Everyone in the DC area is going Cloud crazy. The government and industry believes they can throw whatever problem they have into the cloud and everything will be better. Fortunately, the security folks mentioned that throwing all your data and code into an unknown whole and hoping for the best might not be the best idea. So of course, the next wave of security guys came in and are “securing the cloud”.
You can’t secure the cloud.
Why not? Because the reason everyone loves “cloud computing” is that it’s a nebulous concept that claims it will solve all problems. Therefore, it has undefined functional requirements and use cases. You can’t build real security into something that doesn’t have a definite form. As it is, every party involved in building cloud systems blames the other guy.
The security engineers yell at the developers saying “of course you can’t secure a system if you don’t write secure code”.
The developers respond “why would I secure user interfaces to my application when I accept and trust the user”. This sounds a little crazy but realistically if you’re running Word you don’t sandbox it from Powerpoint. Having written high throughput code I’ve seen a single if statement have large performance impacts. So writing your code to trust nothing will severely diminish performance and increase development time.
To emphasize the security risks, Immunity (in a very private release and very public video demo) released their Cloudburst exploit to pop out from a guest to the host. This exploits represents huge risks to many organizations that use VMware extensively. In many cases VMware is the host, guest, network, firewall, switch, and change management system all in one so an exploit that traverses from an untrusted guest to management networks and/or restricted assets is huge.
I like scientific computing, parallel processing, and virtualization. So the components that make up cloud computing are great. But realistic solutions aren’t ubiquitous. If organizations want to secure cloud systems, they need to restrict cloud environments to security groups and functional requiments. Trusted scientific processes aren’t meant to run next to malware. Likewise, disk bound processes aren’t generally well suited to the same environments as cpu bound processes. As with everything else in the world, cloud computing needs a realistic engineering solution.

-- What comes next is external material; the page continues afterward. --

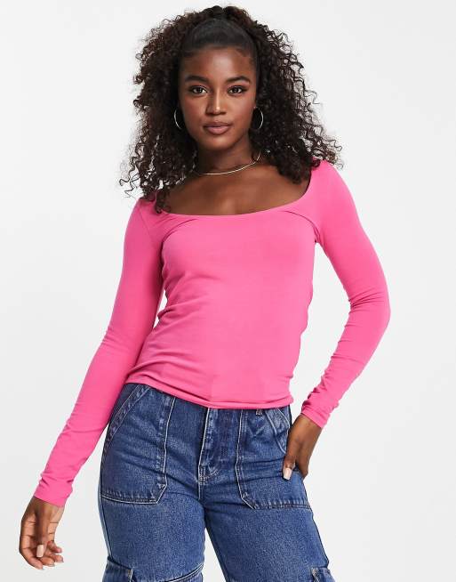 New Look – Jaskraworóżowy top z dekoltem w kształcie litery U i długim rękawem

As an analogy, the military doesn’t secure a mountain pass from artilary the same way it secures a city block from insurgents. Similarly, a Hadoop cloud for internal use by a search engine has entirely different security objectives of a public cloud meant to run web services. The hadoop cluster requires mainly perimeter security, code review, and sanity checks, the latter requires a complicated infrastructure to ensure your clients aren’t stealing data, running a bot, or performing other nefarious actions.
Wrapping this up, you can’t secure the generic cloud. You can of course secure particular cloud implementations given that functional requirements and use cases are enumerated and feasible. The root problem may be that the technologies have yet to adequately mature. Therefore the term cloud has different meanings to different individuals. What is likely and necessary to occur is that the cloud computing industry will increase specialization so that one can build security recommendations for classes of cloud systems. Specialization will likely cut into projected profit margins in the short term. But as industries turn to cloud implementations they’re going to require better security around their data — which represents real dollars to most organizations, and will require real security.